Amy Sue's pieces were
filled with lone souls, dysfunctional communities, wanderers and
dreamers. Her people almost always seemed to be in search of something
elusive, steadfast in their determination to make a journey regardless
of end destination or time. Much like a good mystery writer, Amy
Sue knew how to sketch out a moment, adding only the necessary details.
Not more, not less. I remember the eggs dropping in "One Magnificent
Gesture," the dancers nibbling at each others' confectionary dresses
in "Sugarlei," the blood transfusions in "Object Lesson" and cavorting
revelers of "Dot..Dot." During the last couple of years, she lived
with brain cancer, the daily agonies of chemotherapy mixed with
an awareness of impending death. Her most recent pieces, "Abandoning
Hope" and "Break/Broke," were, more or less, her conversations with
cancer. Onstage, we saw the mental exhaustion and physical anguish
of the disease mixed with slice-of-life bloopers. What a long, strange
trip it's been.
Most of my conversations
with Amy Sue took place in the dressing room of NY Aikikai, where
we both studied aikido. She was quite religious about her practice.
One day we were talking about Field Day, that NYC dance marathon
where greener, fresh-off-the-boat choreographers generally go to
hawk their goods. She was still participating in it even after 20
years in the business. "Well, if more seasoned choreographers aren't
willing to take that risk, what is that saying to younger ones?"

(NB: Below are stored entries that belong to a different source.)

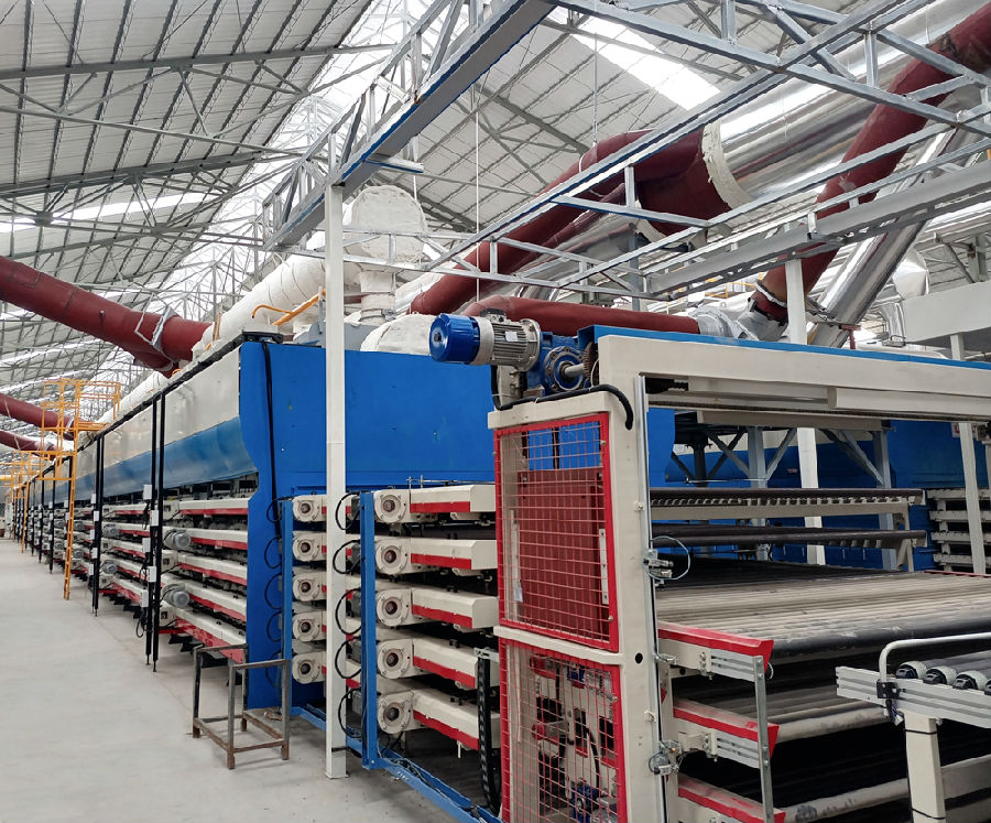 The main product is 1200*3600*12mm sintered slab, while also available with 750*1500mm, 800*2600mm, 1600*3200mm sizes of 9-20mm thickness. The daily output is up to 11,000m2 for the whole line.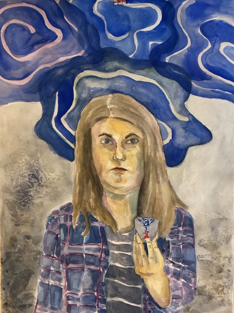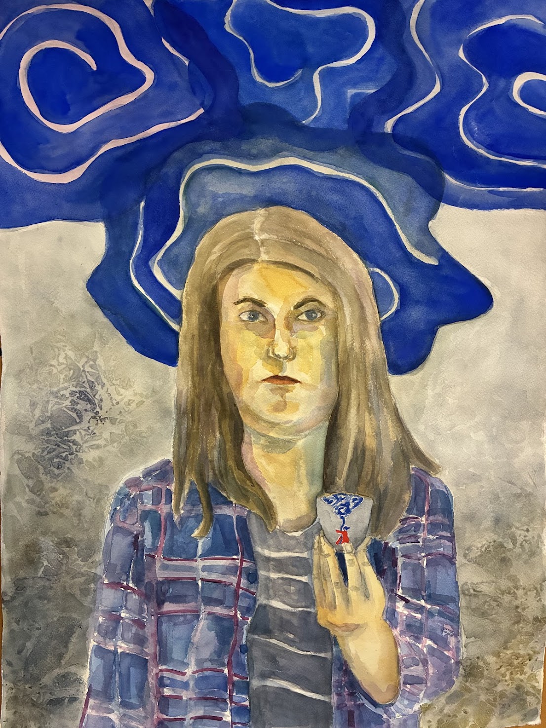 Tehtävänä oli piirtää omakuva vesivärein, lisäksi teoksessa tuli olla joku oma tärkeä esine. Kävimme teoria osuudessa läpi sommittelun periaatteita.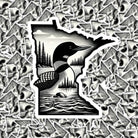 Minnesota State Outline Sticker w/ Loon, Black & White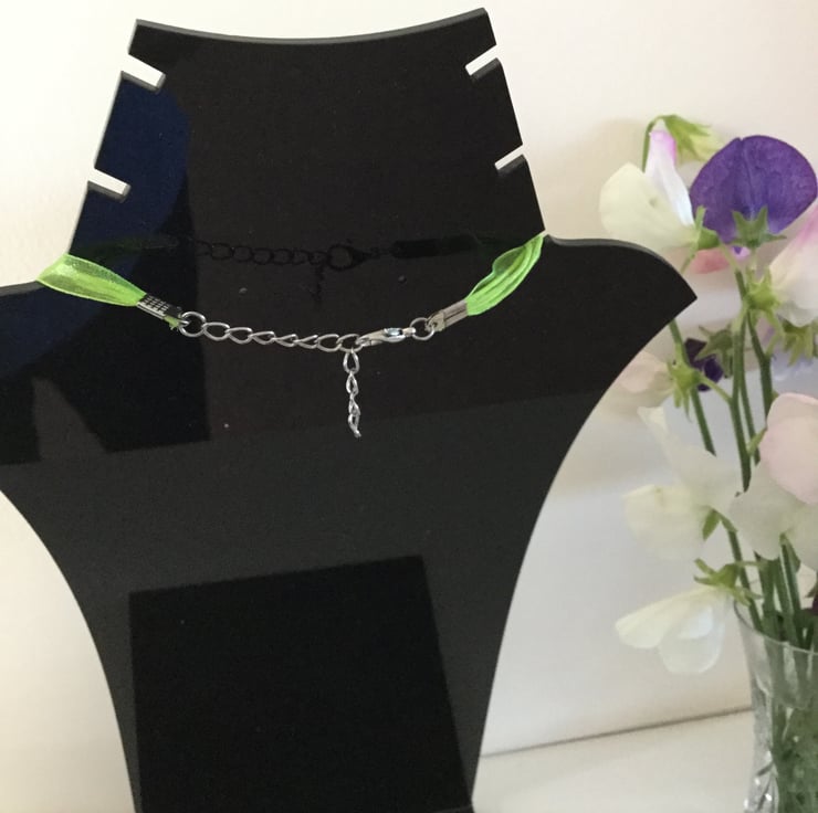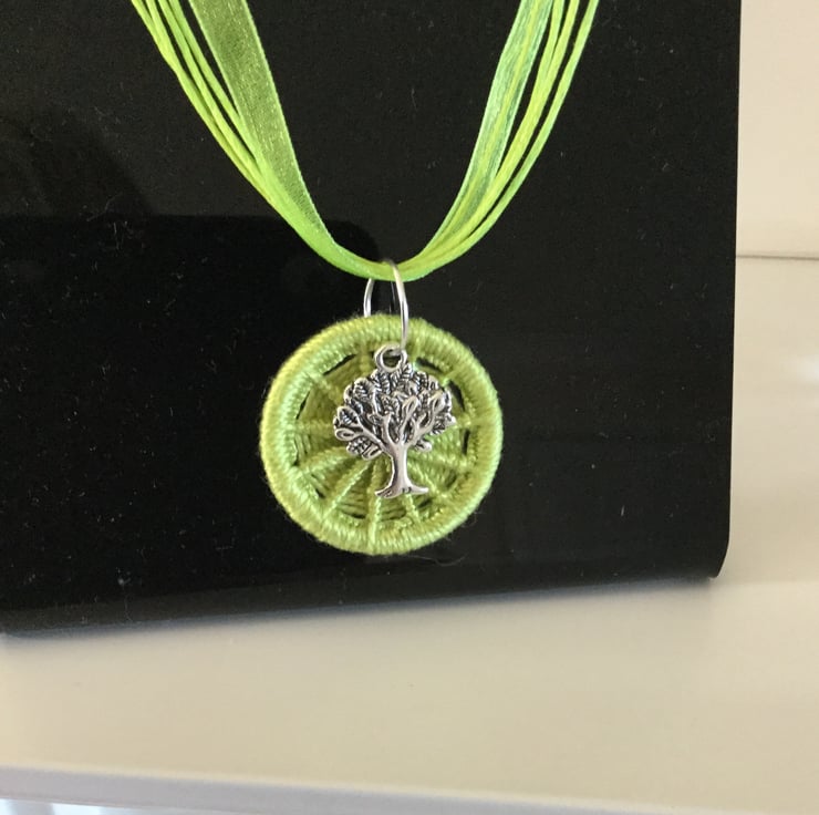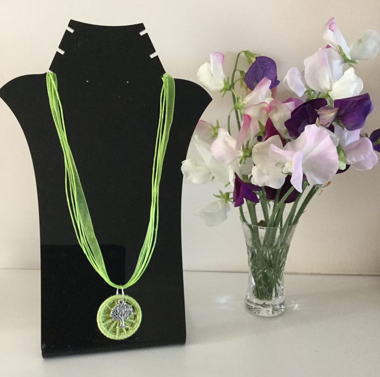 It is hanging together with a Tibetan silver 'Tree of Life' charm from a multi waxed cord and organza ribbon necklace in green which fastens with a lobster claw catch.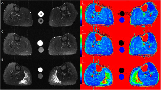 Axial T2-weighted turbo inversion recovery magnitude (A,C,E) and axial T2 mapping (B,D,F) images of the lower leg at baseline (A,B) and at 6 h (C,D) and 48 h (E,F) after standardized exercise of the calf muscles. Muscle edema is apparent in the medial gastrocnemius muscle in the post-exercise images after 48 h. This participant wore the compression garment on the left calf for 6 h after exercise. The calibration tubes contain 40 mmol/L NaCl (*) and 40 mmol/L NaCl with 5% agarose (#).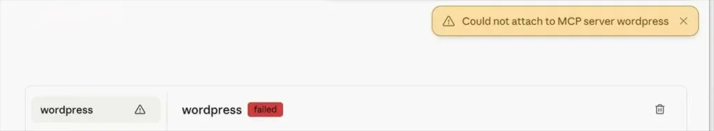 Could not attach to MCP server wordpress / wordpress failed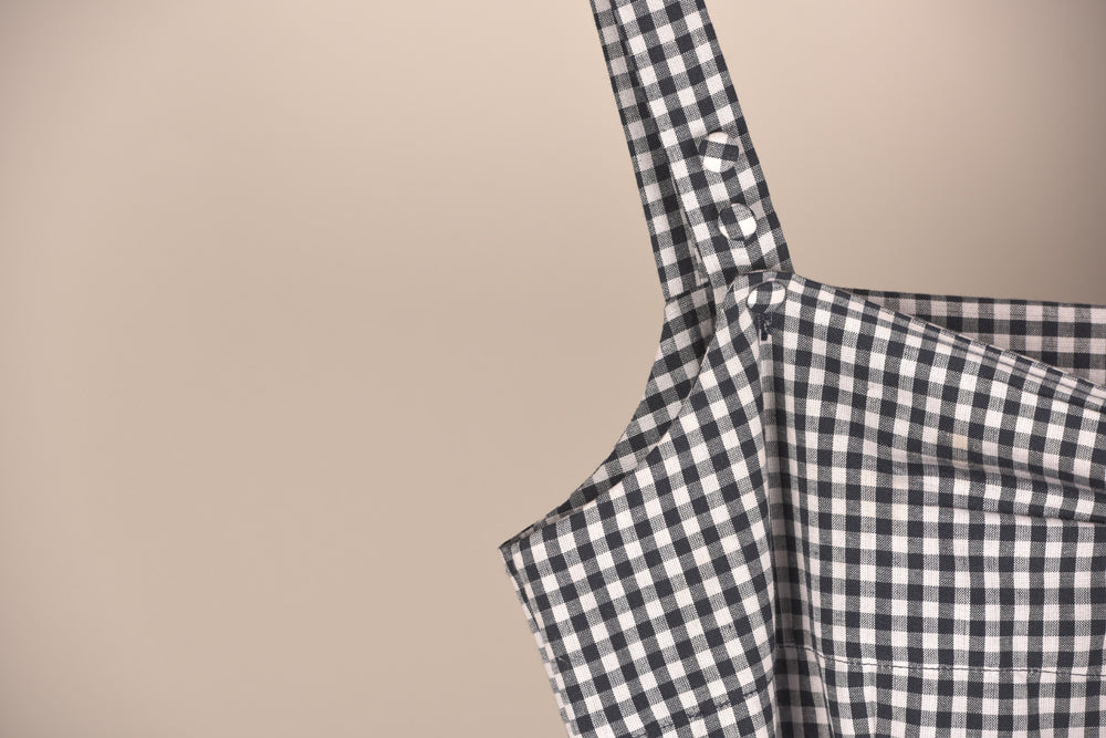 • Mid length dress in check facing details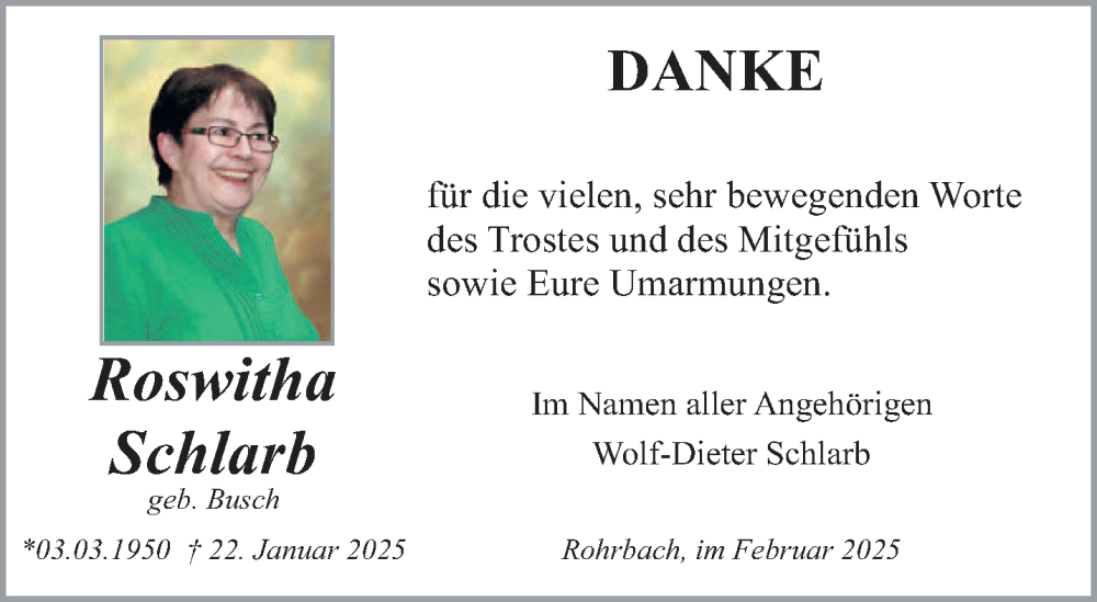 Hier finden Sie alle Traueranzeigen aus der Zeitung, die bisher für Roswitha Schlarb erschienen sind. Weitere Traueranzeigen, die in der Zeitung erscheinen, werden hier ebenfalls aufgelistet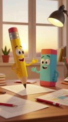 a cute conversation between Pencil and eraser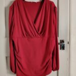 GRACE KARIN Red Wrap Top UK 20 22 2XL Long Sleeve Ruched Blouse Party Pre-owned

Amy Sue understood the importance of duration and continuity.
She worked with the
same collaborators show after show. She allied herself with people
of the same ilk; they were her co-conspirators. Her husband, Derek
Bernstein, a gifted artist and a kind, soft-spoken man, designed
sets with her for over 20 years. Jeff Fontaine was her trusted lighting
designer and Reiko Kawashima, her costume magician. She loved her
dancers and always seemed to work with ones -- everybody from Thom
to Tanya -- who understood how to carve character.
When I was back in New
York last July, I popped into NY Aikikai and saw Amy Sue practicing
on the mat. She came up to me and we chatted a few minutes. She
seemed content and beamed with positive energy, and I thought to
myself how good it was that she was better. And she was. She was
doing what made sense to do in her life, training in aikido and
making dance. She was someone who made dance out of conviction and
compulsion; she was fascinated by the world around her and had a
keen eye for the quirky. Jerzy Kosinski once said that one of the
keys to surviving in wilderness is the possession of fire, or a
"comet" of one's own. I think of Amy Sue as a perpetual chaser and
catcher of comets, someone who, come hell or high water, brought
a little more light and sense into the world.